*WHAT IS REQUIRED*.
Restate word for word the section of the entries that opens at the line containing "注意:看图片中注释的哪一行代码,dispatch_global 跟 dispatch_barrier" and closes at the line containing "قَوْلُهُ (قَالَ طُلُوعُ", both lines kept, pictures dropped.

**** MATERIAL PROVIDED

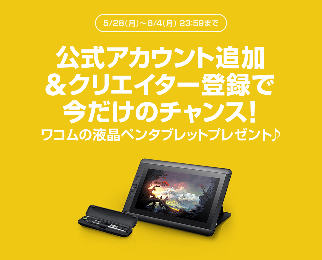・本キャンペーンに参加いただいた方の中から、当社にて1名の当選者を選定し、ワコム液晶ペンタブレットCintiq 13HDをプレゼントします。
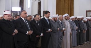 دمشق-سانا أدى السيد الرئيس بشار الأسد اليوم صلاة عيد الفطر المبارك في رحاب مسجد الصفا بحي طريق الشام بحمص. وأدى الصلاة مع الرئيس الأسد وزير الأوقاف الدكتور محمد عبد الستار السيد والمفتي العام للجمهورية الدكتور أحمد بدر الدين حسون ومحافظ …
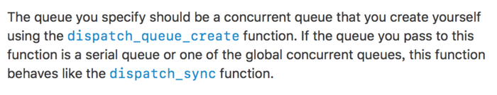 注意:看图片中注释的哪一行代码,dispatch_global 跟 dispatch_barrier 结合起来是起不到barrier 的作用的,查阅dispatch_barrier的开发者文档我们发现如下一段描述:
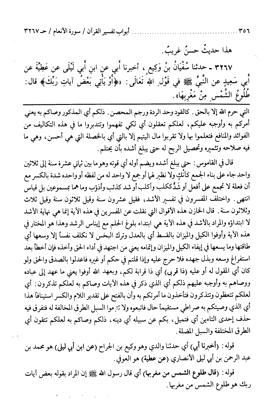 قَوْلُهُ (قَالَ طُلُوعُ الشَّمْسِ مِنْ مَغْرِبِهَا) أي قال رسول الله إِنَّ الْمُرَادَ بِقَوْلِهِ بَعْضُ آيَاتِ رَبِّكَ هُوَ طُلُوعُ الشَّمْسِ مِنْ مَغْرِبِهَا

********
**** MATERIAL PROVIDED

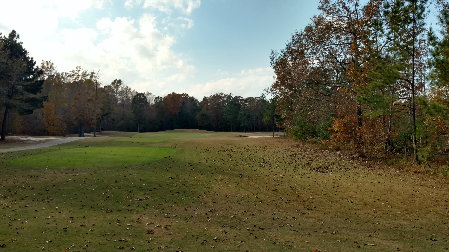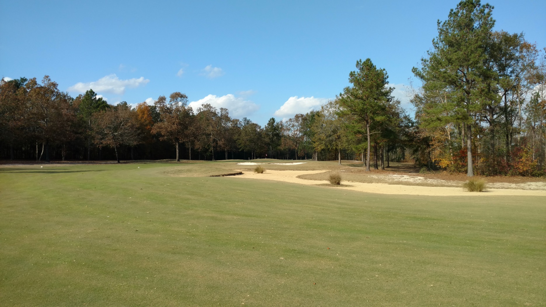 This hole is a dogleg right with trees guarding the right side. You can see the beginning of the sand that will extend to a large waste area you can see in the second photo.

********

*WRITTEN ANSWER*.
 注意:看图片中注释的哪一行代码,dispatch_global 跟 dispatch_barrier 结合起来是起不到barrier 的作用的,查阅dispatch_barrier的开发者文档我们发现如下一段描述:
 قَوْلُهُ (قَالَ طُلُوعُ الشَّمْسِ مِنْ مَغْرِبِهَا) أي قال رسول الله إِنَّ الْمُرَادَ بِقَوْلِهِ بَعْضُ آيَاتِ رَبِّكَ هُوَ طُلُوعُ الشَّمْسِ مِنْ مَغْرِبِهَا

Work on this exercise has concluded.